[Start of Attachment]
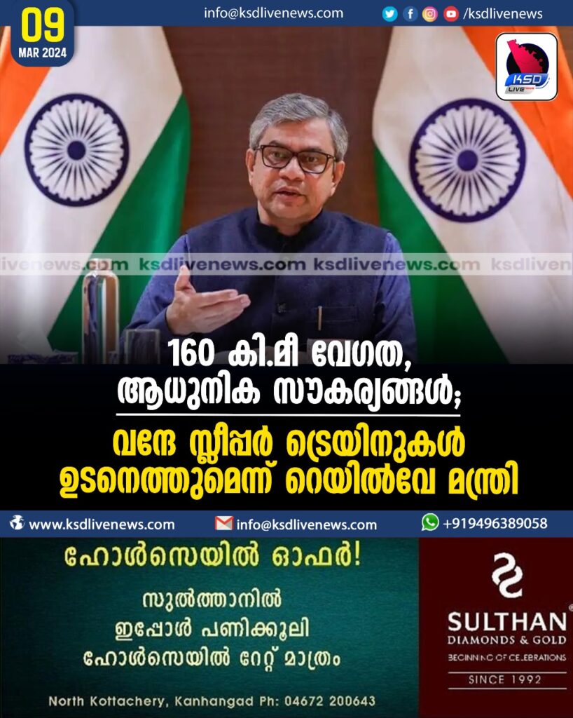 160 കി.മീ വേഗത, ആധുനിക സൗകര്യങ്ങൾ; വന്ദേ സ്ലീപ്പർ ട്രെയിനുകൾ ഉടനെത്തുമെന്ന് റെയിൽവേ മന്ത്രി
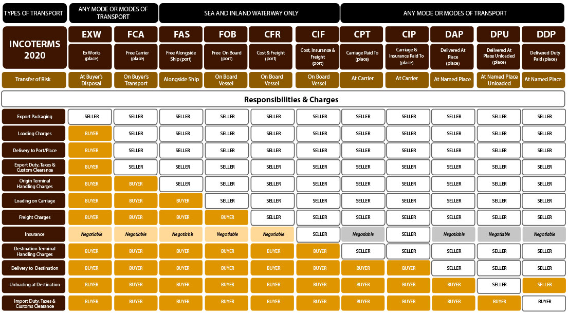 - All export, import and cross trade shipments
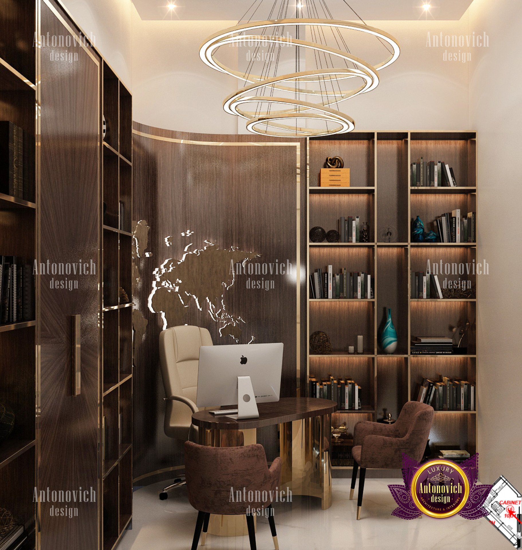 Ключевые характеристики: дизайнерский домашний кабинет, роскошный домашний кабинет, современный рабочий кабинет дома, домашний офис в коричневых тонах, мебель для домашнего кабинета, освещение для рабочего кабинета, эргономичный офисный стул, полки и стеллажи для кабинета, спокойная атмосфера в кабинете, дизайн домашнего офиса Москва.
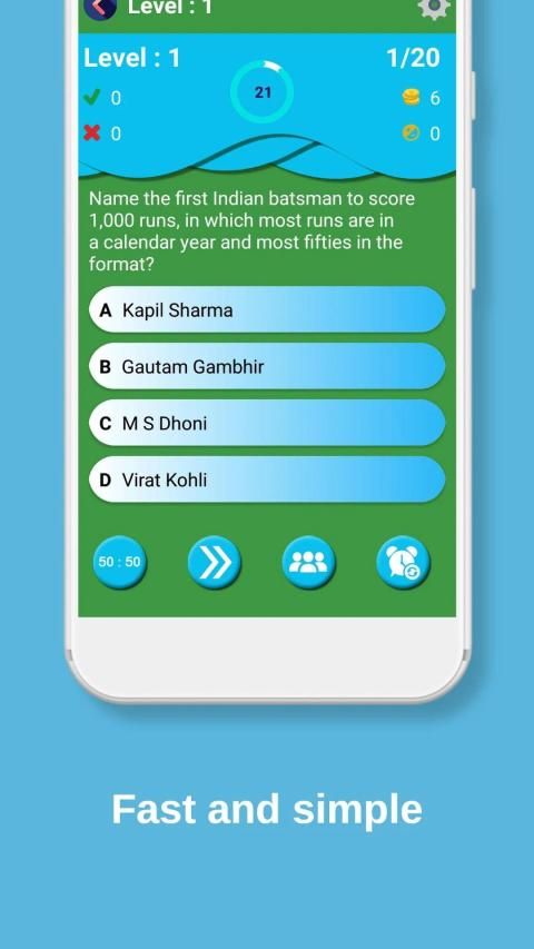 The game is an IQ test of international & IPL crickets from around the world. You have to guess by the question and select the right answer from four different options. Play and challenge your friends and family for the high scores with easy to use game interface. The cricket game quiz is an easy way to test and learn new knowledge of famous cricket players.
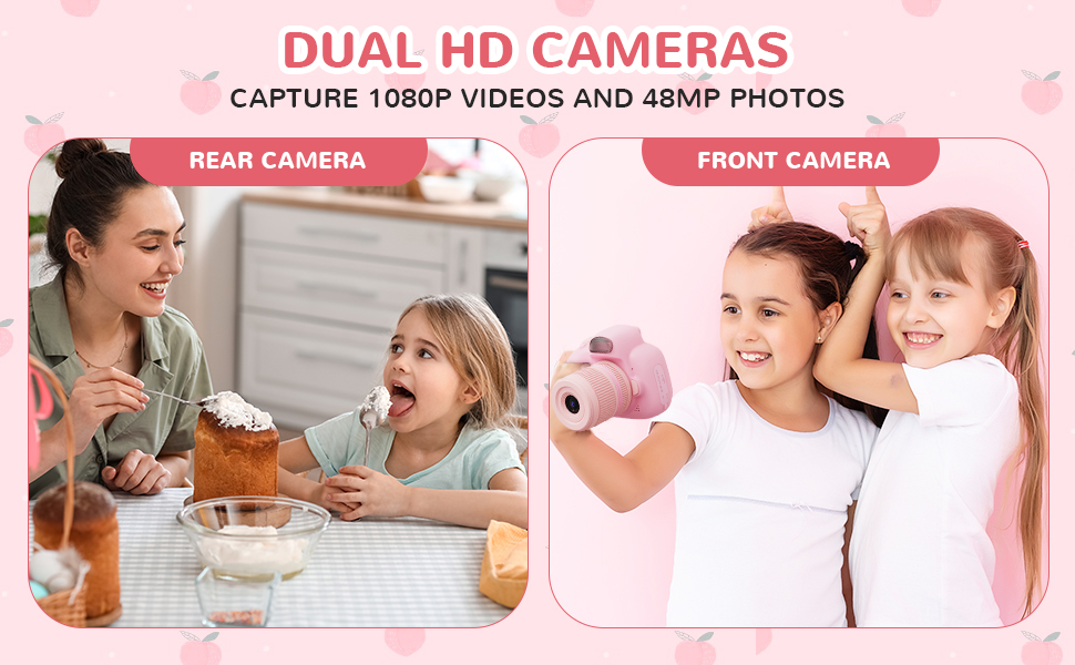 - * 【Doppie Fotocamere, Doppio Divertimento】La nostra fotocamera giocattolo è dotata di due potenti lenti da 48 MP anteriori e posteriori. I tuoi bambini adoreranno scattare selfie con i loro amici e registrare fantastici video delle loro avventure. Con video in 1080P, foto mozzafiato da 48 MP e una luce di riempimento integrata, otterranno sempre foto luminose e nitide, anche in condizioni di scarsa illuminazione. È la fotocamera perfetta per tutto il loro divertimento!
[End of Attachment]
Give back the records above word for word, minus any image they hold.

* [THE ANSWER]:
 160 കി.മീ വേഗത, ആധുനിക സൗകര്യങ്ങൾ; വന്ദേ സ്ലീപ്പർ ട്രെയിനുകൾ ഉടനെത്തുമെന്ന് റെയിൽവേ മന്ത്രി
 - All export, import and cross trade shipments
 Ключевые характеристики: дизайнерский домашний кабинет, роскошный домашний кабинет, современный рабочий кабинет дома, домашний офис в коричневых тонах, мебель для домашнего кабинета, освещение для рабочего кабинета, эргономичный офисный стул, полки и стеллажи для кабинета, спокойная атмосфера в кабинете, дизайн домашнего офиса Москва.
 The game is an IQ test of international & IPL crickets from around the world. You have to guess by the question and select the right answer from four different options. Play and challenge your friends and family for the high scores with easy to use game interface. The cricket game quiz is an easy way to test and learn new knowledge of famous cricket players.
 - * 【Doppie Fotocamere, Doppio Divertimento】La nostra fotocamera giocattolo è dotata di due potenti lenti da 48 MP anteriori e posteriori. I tuoi bambini adoreranno scattare selfie con i loro amici e registrare fantastici video delle loro avventure. Con video in 1080P, foto mozzafiato da 48 MP e una luce di riempimento integrata, otterranno sempre foto luminose e nitide, anche in condizioni di scarsa illuminazione. È la fotocamera perfetta per tutto il loro divertimento!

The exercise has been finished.